BIMCO’s strategic aim is to see the eradication of piracy and armed robbery at sea. Only then will seafarers’ safety  and freedom of navigation be assured, without the need for self-protection measures and additional insurance premiums. 

BIMCO’s position

  • Lack of uniform implementation and effective enforcement by coastal states of their responsibilities according to UNCLOS undermines the effect of various initiatives aimed at combatting piracy and armed robbery at sea. In high risk regions, coastal states are encouraged to strengthen  multilateral cooperation to maximise counter-piracy impact, e.g. by means of external naval forces working effectively in parallel with regional state navies.

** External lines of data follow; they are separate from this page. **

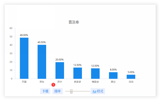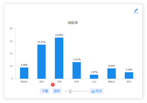 而普及率是一种人群的占比,更加强调样本中有多少比例选择某项。两个指标值的侧重点不一样,如果深入一点的分析,通常需要对响应率进行分析。当然响应率也可以使用图形进行表达,如下图:
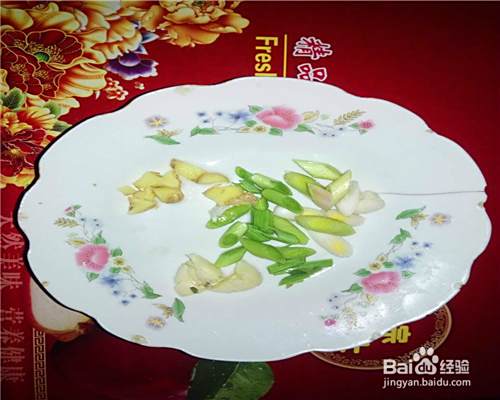 生姜切碎、蒜瓣切粒和蒜苗切碎。
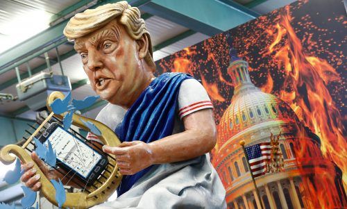 Kaiser Trump Die Frisur und der zornige Blick sind gut getroffen, und auch sonst hat der Mainzer Carneval-Verein von 1838 viel Liebe zum Detail bewiesen. In der Rolle als Kaiser Nero setzt Donald Trump auf diesem Rosenmontagswagen allerdings nicht Rom in Brand, sondern das Kapitol in Washington. fot
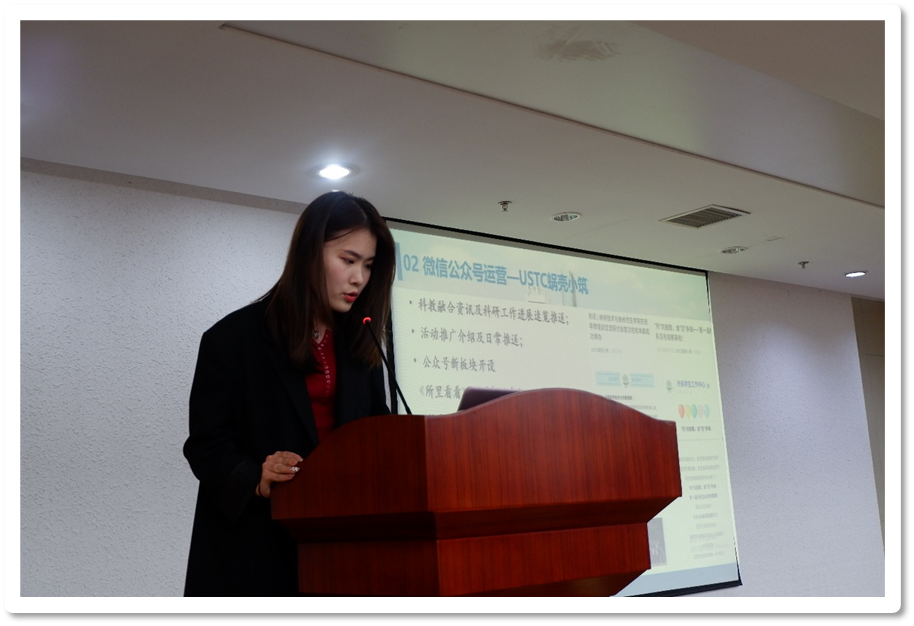 随后,所系学生工作中心副主任李孟珈对中心的发展历史以及我校所系概况进行了简要介绍,提出活动要体现出科大情怀、科大特色、科大底蕴,增进所系学生对科大的认同感和归属感。同时她也向在场人员展示了所系学生工作中心最近的宣传成果,并预祝本次活动取得圆满成功。
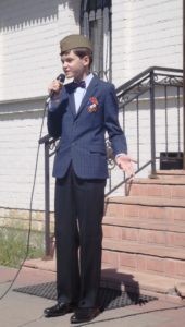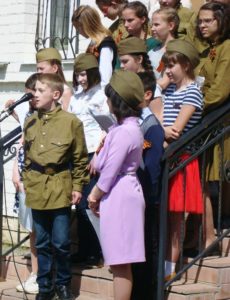 Звуки музыки и прекрасная погода создавали атмосферу радостного праздника. Ребята исполнили песни об ушедшей войне, разученные в классе хорового пения Лякишевой Екатерины Александровны.
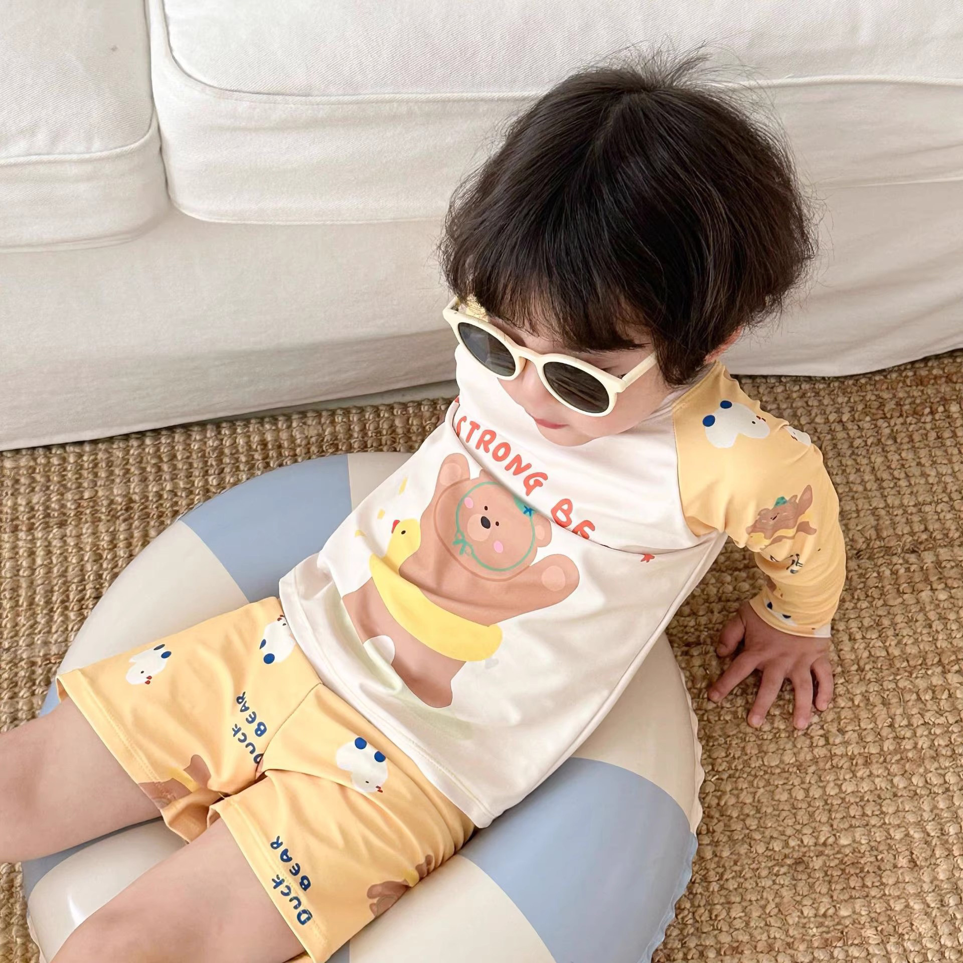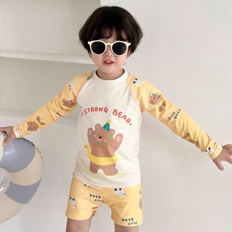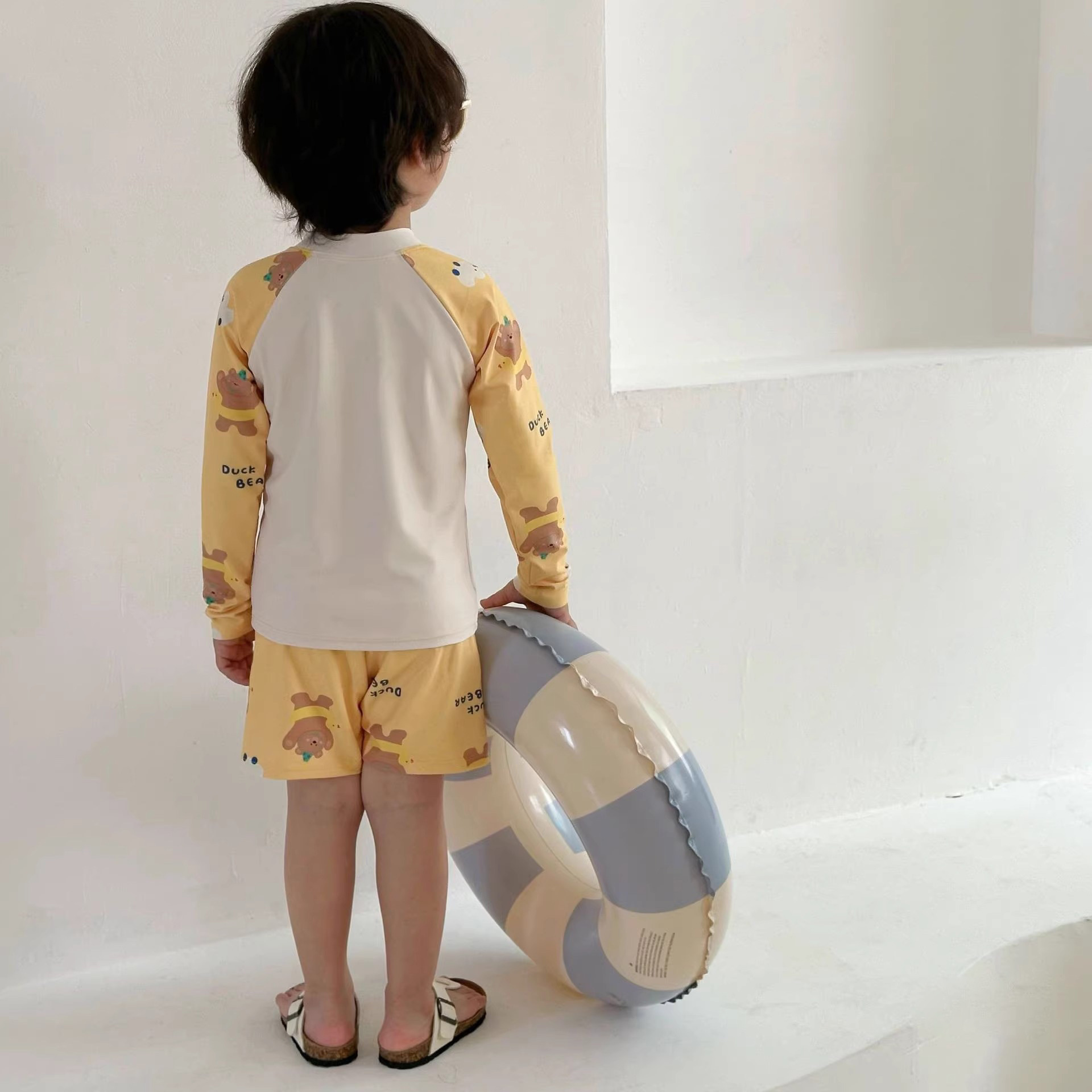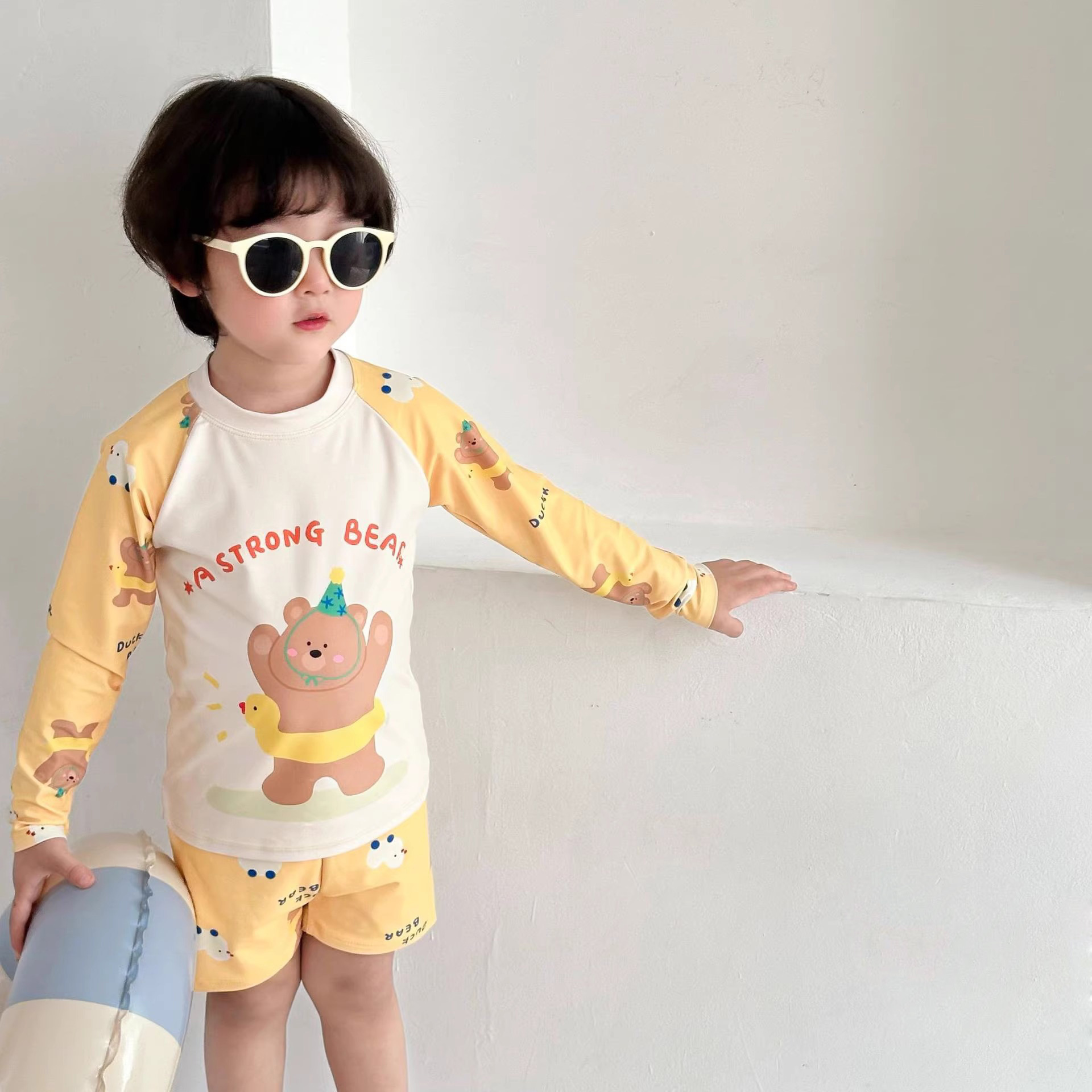 어린이 수영복 소년 2025 새로운 스플릿 긴팔 자외선 차단제 만화 어린이 소년 해변 아기 수영복

  • The relationship and strong cooperation between navies, maritime law enforcement agencies and the shipping industry is vital to deter and defeat piracy globally. 
  • BIMCO actively promotes a comprehensive approach to combating Nigerian based piracy in the Gulf of Guinea including the assistance of other navies.
  • The involvement of law enforcement agencies or officials (including recently retired senior officials) in commercial protection business can lead to a conflict of interests and should thus be avoided.
  • Other conflicts of interest may arise if disproportionate payments are required by authorities in connection with the regulation of commercial protection business.
  • According to UNCLOS, counter piracy is a government’s responsibility. Requests to the shipping industry to make financial contributions to governments for counter-piracy initiatives are not supported. 
  • Paying ransom for release of crew and ship is the right of owners, and their responsibility to protect seafarers should not be hindered.
  • The shipping industry should designate piracy High Risk Areas (HRA),  when the piracy threat to seafarers is high enough to warrant it. The piracy threat is the combination of pirates’ opportunity, capability and intent to attack shipping.
  • When it makes sense from a law enforcement resource perspective, BIMCO supports the establishment of safe anchorage areas by coastal states. To avoid such an area becoming a lucrative source of income and thereby a disincentive to effective law enforcement by the coastal state, the use of such areas should ideally be free of charge, and as a minimum any charges should be proportionate.
  • BIMCO supports the use of private maritime security companies (PMSCs) when required. PMSCs should be ISO28007 certified and operate legitimately, as a supplement to other self-defence measures and the efforts by the naval forces. 
  • BIMCO supports the idea of a single set of standard definitions for security incident classification and reporting.